====== Records for this task ======
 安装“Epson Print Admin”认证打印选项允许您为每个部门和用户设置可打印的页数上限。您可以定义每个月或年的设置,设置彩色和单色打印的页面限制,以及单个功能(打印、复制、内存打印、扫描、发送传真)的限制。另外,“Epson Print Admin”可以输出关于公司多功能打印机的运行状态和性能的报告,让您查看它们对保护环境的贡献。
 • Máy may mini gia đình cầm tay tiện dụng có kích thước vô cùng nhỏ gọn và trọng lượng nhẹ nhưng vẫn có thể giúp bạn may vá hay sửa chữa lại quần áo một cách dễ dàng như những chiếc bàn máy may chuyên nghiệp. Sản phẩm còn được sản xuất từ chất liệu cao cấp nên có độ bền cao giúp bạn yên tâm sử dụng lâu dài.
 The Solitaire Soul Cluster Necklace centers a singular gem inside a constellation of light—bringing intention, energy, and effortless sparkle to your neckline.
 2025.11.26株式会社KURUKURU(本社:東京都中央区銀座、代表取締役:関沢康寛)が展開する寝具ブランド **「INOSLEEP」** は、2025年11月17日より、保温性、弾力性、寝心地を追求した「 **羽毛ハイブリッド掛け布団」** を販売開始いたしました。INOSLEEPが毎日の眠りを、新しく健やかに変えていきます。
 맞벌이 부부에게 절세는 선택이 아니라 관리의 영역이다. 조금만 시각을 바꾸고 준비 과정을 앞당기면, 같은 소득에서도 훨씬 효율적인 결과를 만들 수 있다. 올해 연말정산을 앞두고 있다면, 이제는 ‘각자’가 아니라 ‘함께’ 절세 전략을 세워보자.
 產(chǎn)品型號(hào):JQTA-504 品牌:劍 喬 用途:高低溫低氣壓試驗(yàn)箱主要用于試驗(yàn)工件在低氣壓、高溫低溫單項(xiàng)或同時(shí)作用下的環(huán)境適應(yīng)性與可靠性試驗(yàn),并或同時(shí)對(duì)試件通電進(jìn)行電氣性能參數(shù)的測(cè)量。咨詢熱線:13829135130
======
## Task directions
Extract exactly the lines between the line containing "맞벌이 부부에게 절세는" and the end of the data, including both.

## Answer space
 맞벌이 부부에게 절세는 선택이 아니라 관리의 영역이다. 조금만 시각을 바꾸고 준비 과정을 앞당기면, 같은 소득에서도 훨씬 효율적인 결과를 만들 수 있다. 올해 연말정산을 앞두고 있다면, 이제는 ‘각자’가 아니라 ‘함께’ 절세 전략을 세워보자.
 產(chǎn)品型號(hào):JQTA-504 品牌:劍 喬 用途:高低溫低氣壓試驗(yàn)箱主要用于試驗(yàn)工件在低氣壓、高溫低溫單項(xiàng)或同時(shí)作用下的環(huán)境適應(yīng)性與可靠性試驗(yàn),并或同時(shí)對(duì)試件通電進(jìn)行電氣性能參數(shù)的測(cè)量。咨詢熱線:13829135130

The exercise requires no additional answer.